The song, described as a "synth pop classic", was inspired by the atmosphere of World War II, and features a guest appearance by XTC's Andy Partridge. The single reached a peak position of 48 in the United Kingdom, Dolby's home country, as well as charting in the United States and Canada.

==Composition==

Taken from the album The Golden Age of Wireless, "Europa and the Pirate Twins" was written by Thomas Dolby, who produced it in collaboration with Tim Friese-Greene. The song opens with a "bluesy" harmonica solo, performed by Andy Partridge of the band XTC. The song makes use of electronic drums, and features a "high-register" synthesiser line throughout. The song's main musical hook is a "Bo Diddley beat", a repetitive rhythm common in several musical genres.

Joseph Stannard of Drowned in Sound has noted that "Europa and the Pirate Twins" is written with World War II as a strong influence, and that the song "emphasises the short distance between [Dolby's] generation and the one which endured the last global conflict". Dolby has described the song, along with the tone of the album, as reflecting "a sense of [a] relationship that's going on as being overwhelmed by something on a grander level", adding that "there's a very strong wartime atmosphere to it". The song was described as "a semi-autobiographical romp" in the liner notes for Dolby's 2009 greatest hits album The Singular Thomas Dolby, the release of which was overseen by the singer. "Europa and the Pirate Twins" received a "sequel" on Dolby's 1992 album Astronauts & Heretics, in the song "Eastern Bloc"; which has been described by Audio magazine as "appealingly faithful" to the original.

==Release==

"Europa and the Pirate Twins" was released as a single in the United Kingdom on 14 September 1981. It was Dolby's first major label release, taken from his EMI-released début album The Golden Age of Wireless. The song spent three weeks in the UK Singles Chart, reaching a peak position of 48. The song first appeared in RPM magazine's Canadian singles chart on 18 June 1983, debuting at number 50. It eventually reached a peak position of 45 in that chart. The song debuted in the United States' Billboard Hot 100 singles chart on 2 July 1983, spending five weeks there and peaking at number 67. It also reached a peak position of 37 on the Billboard rock chart in 1982.
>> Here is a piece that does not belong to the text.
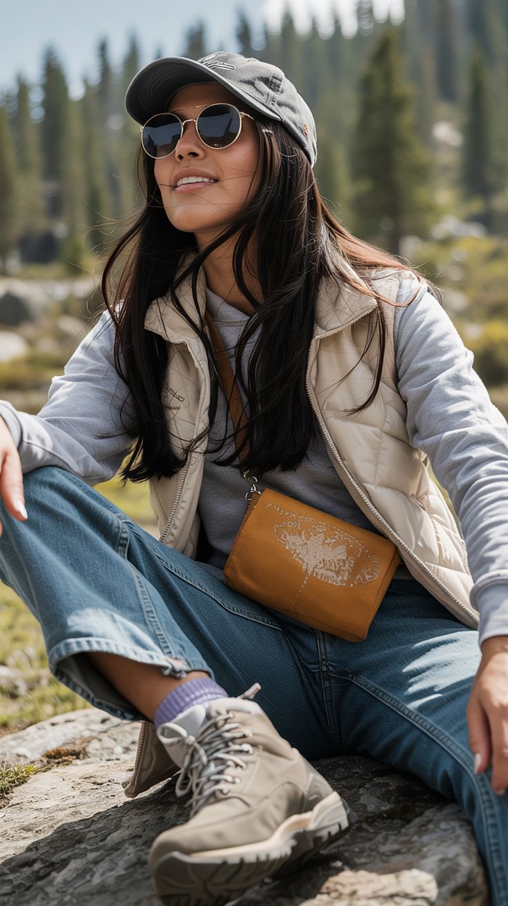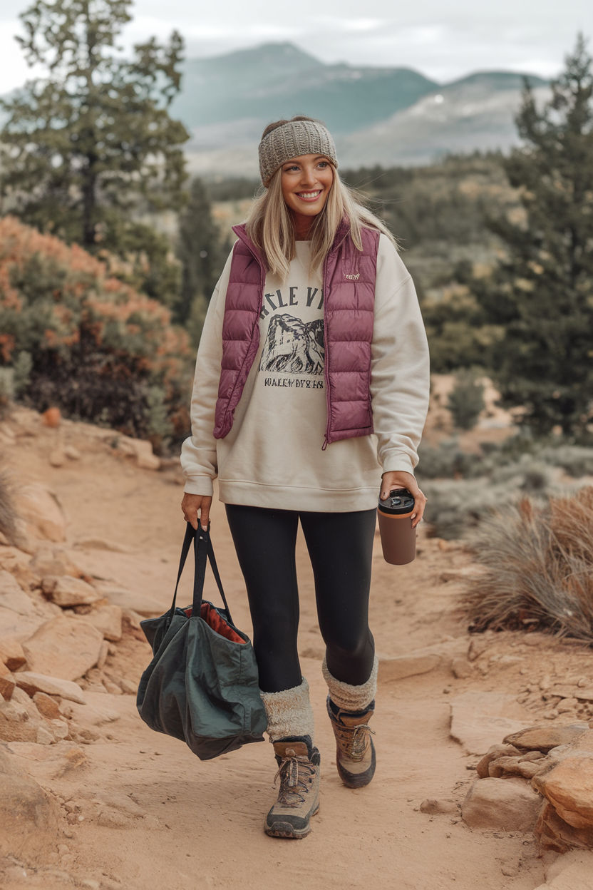 This look gives playful prepper with a nod to granola style — ideal for early morning treks when the chill still clings to the air. The puffy berry-toned vest adds a punch of color against the neutral oversized graphic sweatshirt. Paired with leggings and thick socks peeking out of hiking boots, it’s the ultimate women casual uniform for a rainy-day walk or quick trail coffee run. Universally flattering and especially great for curvier figures thanks to the contrast layering.

The song's release was accompanied by a music video, blending together several elements of footage. These included footage of the Ziegfeld Follies, Dolby interacting with a futuristic "telecomputer", and black-and-white shots of Dolby and a shrouded female figure by the coast. The video was written and directed by Dolby.

| Chart | Peak position |
|---|---|
| Canadian Singles Chart | 45 |
| UK Singles Chart | 48 |
| US Billboard Hot 100 | 67 |
| US Top Rock Tracks | 37 |

==Reception==
"Europa and the Pirate Twins" was described by Peter Buckley, in his book The Rough Guide to Rock, as "showcas[ing] Dolby's trademark combination of the charming and the gimmicky". Writing for Allrovi, Stewart Mason described the song as "a hyperactive synth pop classic", whose "every nook and cranny is stuffed with some sort of ear-grabbing hook". Mason added that the song "pack[s] a remarkable amount of detail into two short verses and a bridge" and "resolves with a soaring, bittersweet chorus". Cashbox said that the song "quickens the electronic pace in a tale of an irretrievable childhood sweetheart". They also highlighted the "mournful" harmonica playing of Andy Partridge.
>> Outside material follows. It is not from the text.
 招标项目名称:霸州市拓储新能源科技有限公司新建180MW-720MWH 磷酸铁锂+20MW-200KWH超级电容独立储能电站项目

Writing about the song's music video, Dennis Shin of PopMatters described Dolby as being on the "leading edge" in the medium, highlighting the videos for "She Blinded Me with Science" and "Hyperactive!" in addition to describing that for "Europa and the Pirate Twins" as being "one of his lesser-known and unsung videos".

==Cover versions==
A cover version of the song featuring lyrics in Swedish is the title track on the band Noice's 1982 synth pop album Europa. Norwegian singer Sondre Lerche also covered the song as a bonus track included with his 2007 album Phantom Punch.